### [EXERCISE DESCRIPTION]
The entries below must be retyped exactly. Pictures are to be omitted.

*** PROVIDED DATA

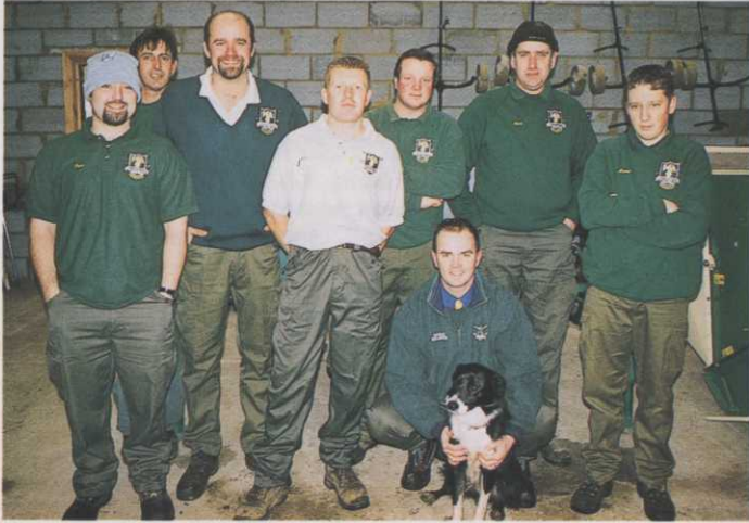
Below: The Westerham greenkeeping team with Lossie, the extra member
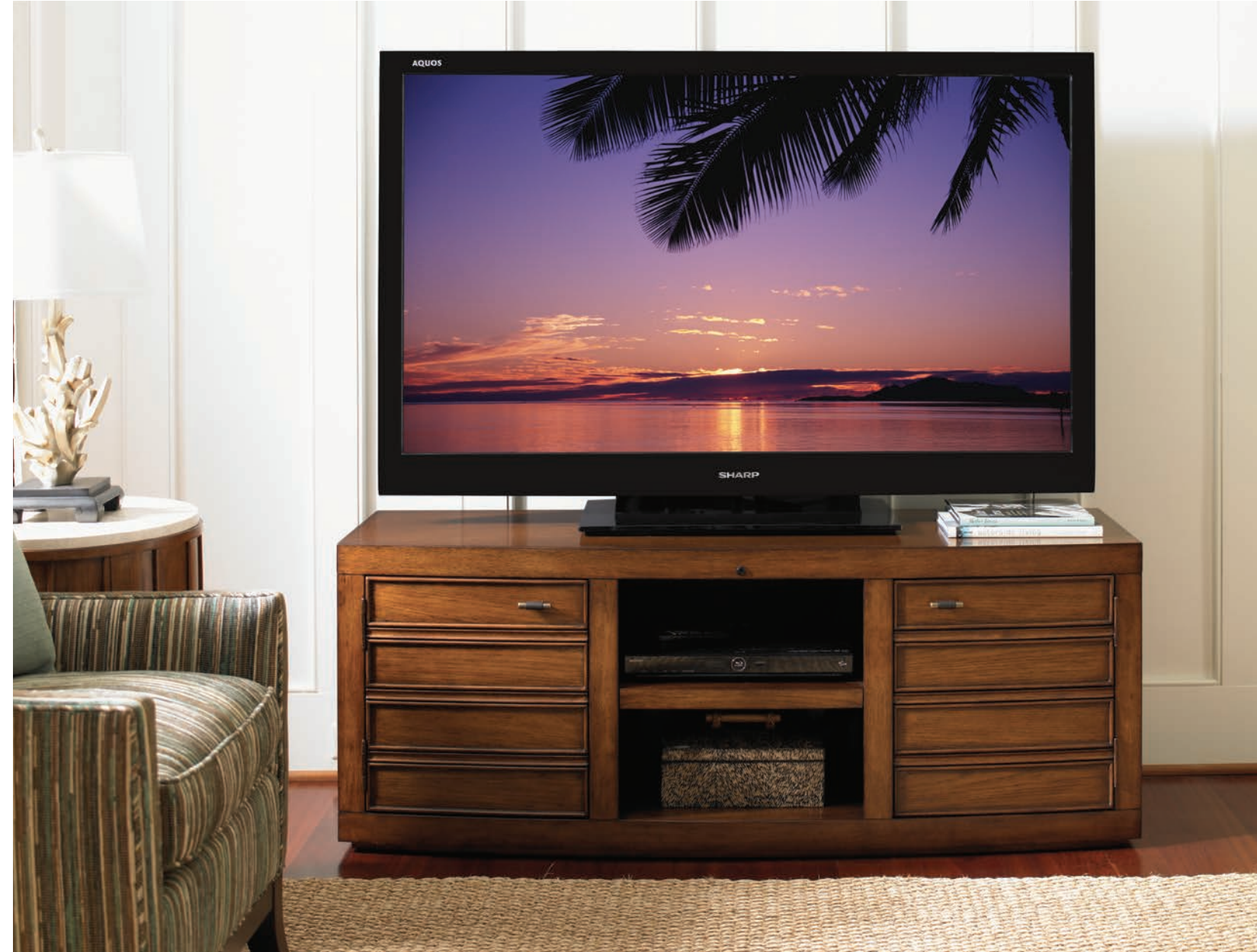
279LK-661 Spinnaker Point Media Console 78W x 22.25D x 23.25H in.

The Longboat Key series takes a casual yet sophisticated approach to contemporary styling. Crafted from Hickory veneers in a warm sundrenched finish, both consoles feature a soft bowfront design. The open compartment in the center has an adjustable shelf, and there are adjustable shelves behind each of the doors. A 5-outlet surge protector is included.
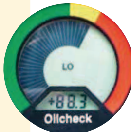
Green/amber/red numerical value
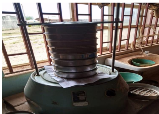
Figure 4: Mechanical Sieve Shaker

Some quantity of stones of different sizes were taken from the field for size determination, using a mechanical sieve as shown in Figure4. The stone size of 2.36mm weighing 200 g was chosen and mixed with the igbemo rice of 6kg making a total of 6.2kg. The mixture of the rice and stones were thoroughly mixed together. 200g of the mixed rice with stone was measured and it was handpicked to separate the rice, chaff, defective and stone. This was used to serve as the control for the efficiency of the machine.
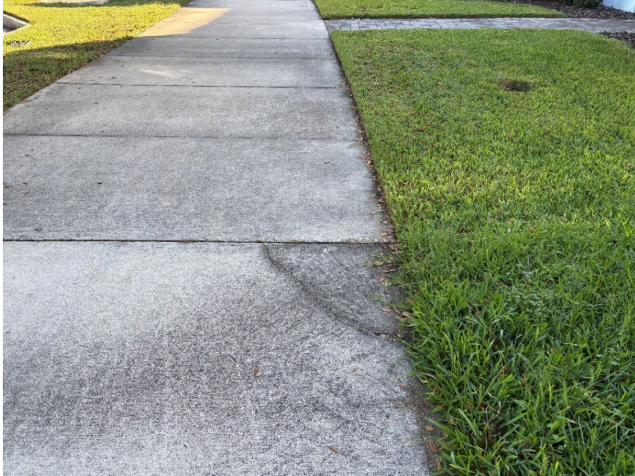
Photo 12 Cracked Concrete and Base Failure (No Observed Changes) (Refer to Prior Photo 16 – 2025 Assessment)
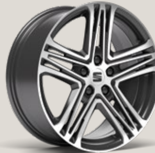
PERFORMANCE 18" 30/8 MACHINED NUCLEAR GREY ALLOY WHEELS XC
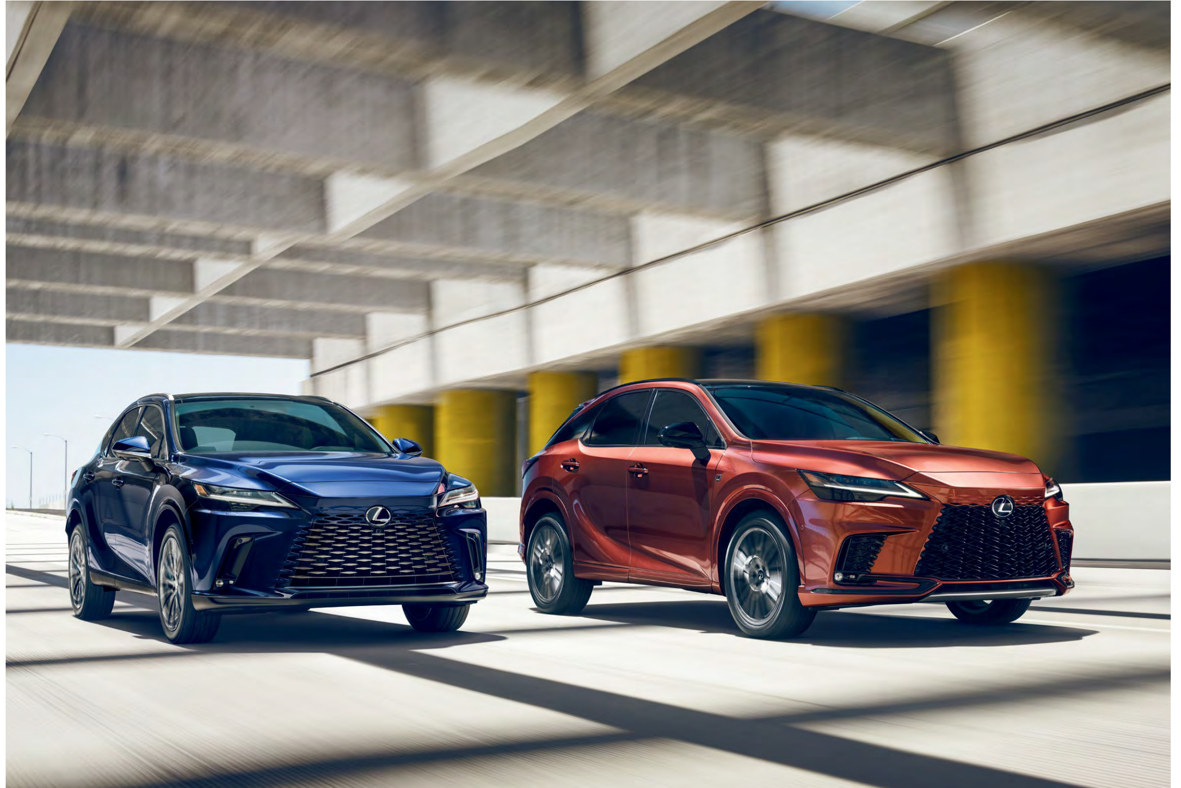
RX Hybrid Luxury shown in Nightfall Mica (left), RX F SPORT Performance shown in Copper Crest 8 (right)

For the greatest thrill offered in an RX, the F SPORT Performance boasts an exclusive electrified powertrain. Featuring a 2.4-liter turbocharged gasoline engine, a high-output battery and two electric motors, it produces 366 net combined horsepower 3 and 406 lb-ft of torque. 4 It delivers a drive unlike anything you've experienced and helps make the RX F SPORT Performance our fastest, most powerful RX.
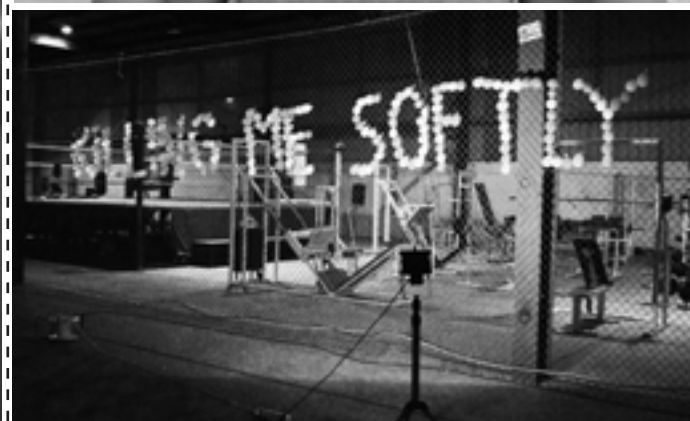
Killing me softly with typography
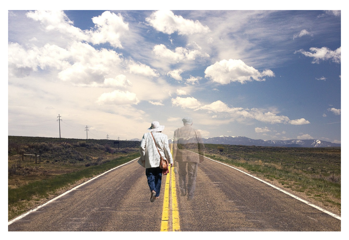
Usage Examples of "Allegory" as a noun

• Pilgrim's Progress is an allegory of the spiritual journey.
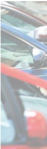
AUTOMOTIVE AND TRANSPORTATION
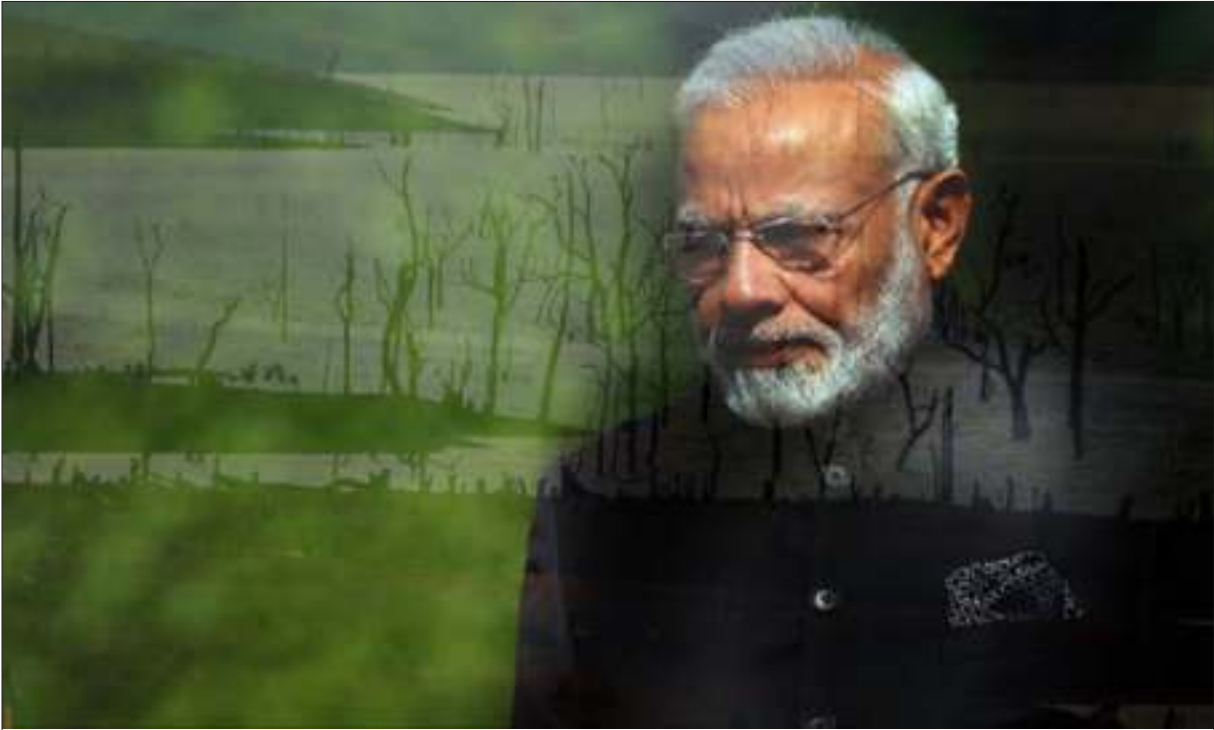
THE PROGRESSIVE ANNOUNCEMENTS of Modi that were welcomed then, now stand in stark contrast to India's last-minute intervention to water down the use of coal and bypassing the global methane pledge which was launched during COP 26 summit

******

### [SOLUTION]
Below: The Westerham greenkeeping team with Lossie, the extra member
279LK-661 Spinnaker Point Media Console 78W x 22.25D x 23.25H in.

The Longboat Key series takes a casual yet sophisticated approach to contemporary styling. Crafted from Hickory veneers in a warm sundrenched finish, both consoles feature a soft bowfront design. The open compartment in the center has an adjustable shelf, and there are adjustable shelves behind each of the doors. A 5-outlet surge protector is included.
Green/amber/red numerical value
Figure 4: Mechanical Sieve Shaker

Some quantity of stones of different sizes were taken from the field for size determination, using a mechanical sieve as shown in Figure4. The stone size of 2.36mm weighing 200 g was chosen and mixed with the igbemo rice of 6kg making a total of 6.2kg. The mixture of the rice and stones were thoroughly mixed together. 200g of the mixed rice with stone was measured and it was handpicked to separate the rice, chaff, defective and stone. This was used to serve as the control for the efficiency of the machine.
Photo 12 Cracked Concrete and Base Failure (No Observed Changes) (Refer to Prior Photo 16 – 2025 Assessment)
PERFORMANCE 18" 30/8 MACHINED NUCLEAR GREY ALLOY WHEELS XC
RX Hybrid Luxury shown in Nightfall Mica (left), RX F SPORT Performance shown in Copper Crest 8 (right)

For the greatest thrill offered in an RX, the F SPORT Performance boasts an exclusive electrified powertrain. Featuring a 2.4-liter turbocharged gasoline engine, a high-output battery and two electric motors, it produces 366 net combined horsepower 3 and 406 lb-ft of torque. 4 It delivers a drive unlike anything you've experienced and helps make the RX F SPORT Performance our fastest, most powerful RX.
Killing me softly with typography
Usage Examples of "Allegory" as a noun

• Pilgrim's Progress is an allegory of the spiritual journey.
AUTOMOTIVE AND TRANSPORTATION
THE PROGRESSIVE ANNOUNCEMENTS of Modi that were welcomed then, now stand in stark contrast to India's last-minute intervention to water down the use of coal and bypassing the global methane pledge which was launched during COP 26 summit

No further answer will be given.